_TASK INSTRUCTIONS_. Leave out the pictures, and write out exactly the lines from the beginning of the material to the line holding "eToro umožňuje od", that line included, and nothing else.

_DATASET EXCERPT_.
################

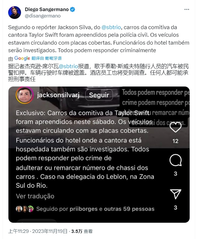 随后霉霉的随行人员的汽车已经被当地警方扣押,入住酒店员工也将受到调查。所有涉案人员都可能被追究刑事责任。据悉巴西法律规定,篡改、标记或隐藏车辆的车牌将被判处三至六年监禁,并罚款。
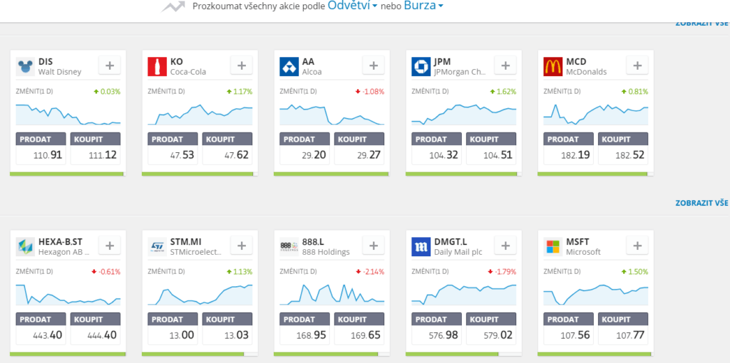 eToro umožňuje od roku 2013 nákup a prodej akcií. Široké portfolio akcií nabízí i akcie od Apple, Microsoft nebo Alphabet (Google).
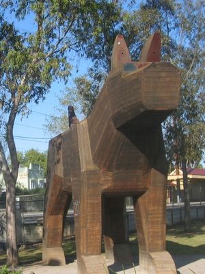 The sculpture represents the Australian tradition of creating large-scale public artworks that serve as regional landmarks and community gathering points.
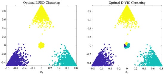 Optimal LUND (OA = 0.739) and D-VIC (OA = 0.905) clusterings of the synthetic dataset (Figure 3). D-VIC explicitly incorporates data purity into its labeling procedure, resulting in better clustering performance than LUND in the high-density, low-purity region near the origin.

################

_REPLY TO THE TASK_.
 随后霉霉的随行人员的汽车已经被当地警方扣押,入住酒店员工也将受到调查。所有涉案人员都可能被追究刑事责任。据悉巴西法律规定,篡改、标记或隐藏车辆的车牌将被判处三至六年监禁,并罚款。
 eToro umožňuje od roku 2013 nákup a prodej akcií. Široké portfolio akcií nabízí i akcie od Apple, Microsoft nebo Alphabet (Google).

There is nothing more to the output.